Deploy a mechanism to keep personalized recommendations up-to-date - Maintaining Personalized Experiences with Machine Learning

Deploy a mechanism to keep personalized recommendations up-to-date

Publication date: September 2021 (last update: January 2022)

The Maintaining Personalized Experiences with Machine Learning solution streamlines and accelerates development by providing automated pipeline construction; automated personalization model configuration, training, retraining, and deployment; improved visibility into model performance; and advanced error handling mechanisms.

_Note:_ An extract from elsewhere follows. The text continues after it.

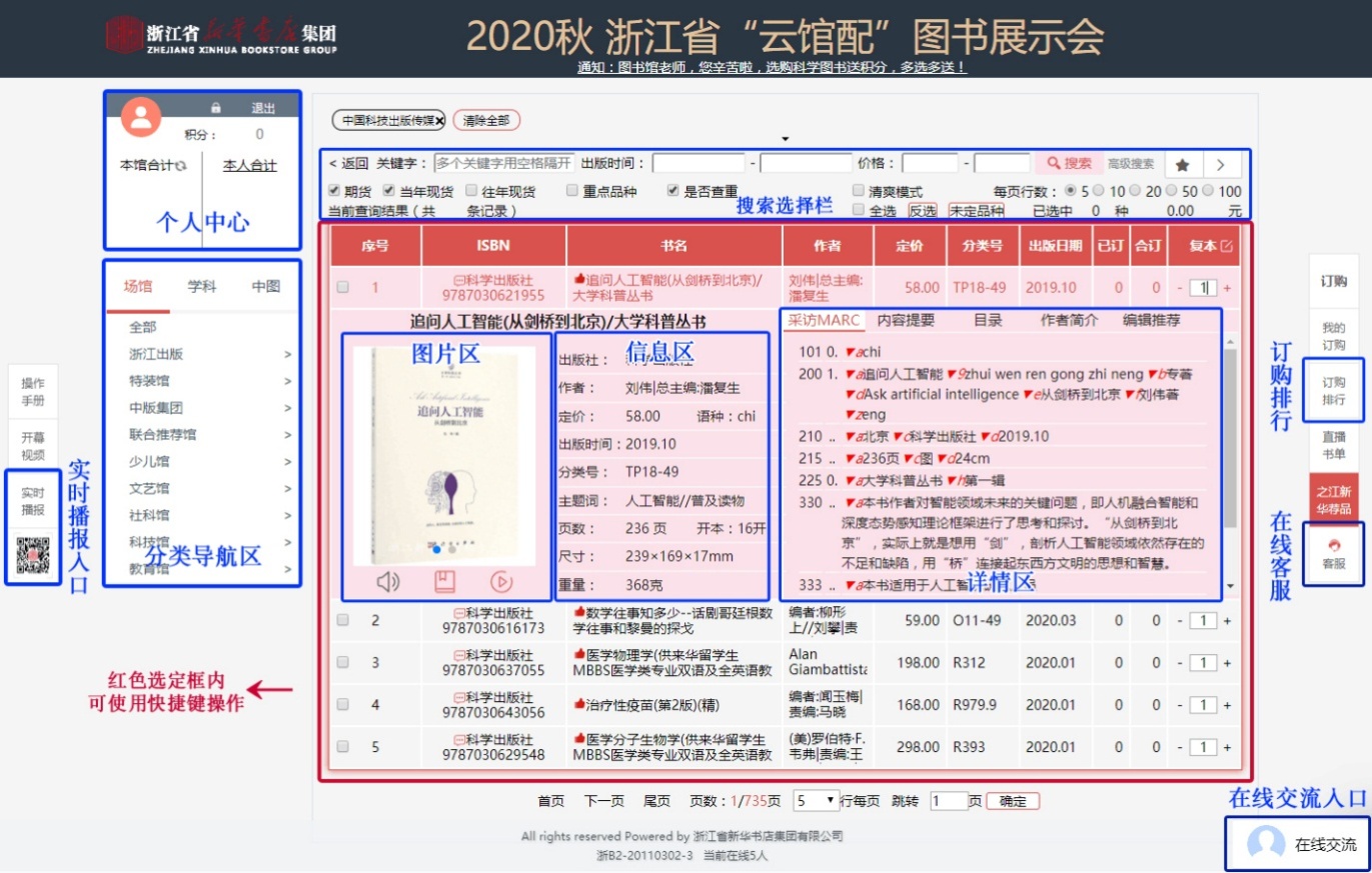 a.点击展馆参观导视图呈现的小图标或分类浏览入口,进入图书订购页面。

This solution helps you build personalized experiences with Amazon Personalize for your product portfolio and provide real-time, curated experiences across digital channels. Implementing this solution aims to increase your user engagement metrics, clickthroughs, and conversion rates by providing up-to-date product recommendations, personalized product rerankings, user segmentation, and customized direct marketing.

Personalization opportunity exists in multiple areas along the customer journey including:

  • Discoverability - Helping consumers easily and quickly discover products and content

  • Acquisition and retention - Attracting and retaining consumers in a digital environment

  • Engagement - Understanding, measuring, and increasing time spent engaging with products and content

  • Efficiencies and revenue - Increasing average revenue per user

This AWS solution accelerates the development and deployment of personalization workloads by leveraging the functionalities of the Amazon Personalize service and streamlining productionization and maintenance of Amazon Personalize solutions. It provides end-to-end automation for Amazon Personalize through the entire lifecycle of a workload, which includes:

  • Automating the creation of Amazon Personalize recommenders, solutions, and solution versions to baseline model performance (by comparing user-configured model offline metrics over time).

  • Presenting the results in an Amazon CloudWatch dashboard.

  • Automating the scheduled retraining and update of Amazon Personalize solution versions to assess their performance over time, as typical personalization workloads benefit from full model retraining every one to five days.

  • Automating the scheduled creation of batch recommendations and batch user segmentation.

This implementation guide describes architectural considerations and configuration steps for deploying Maintaining Personalized Experiences with Machine Learning in the Amazon Web Services (AWS) Cloud. It includes links to an AWS CloudFormation template that launches and configures the AWS services required to deploy this AWS solution using AWS best practices for security and availability.

The guide is intended for IT architects, developers, DevOps, and data analysts who have practical experience architecting in the AWS Cloud.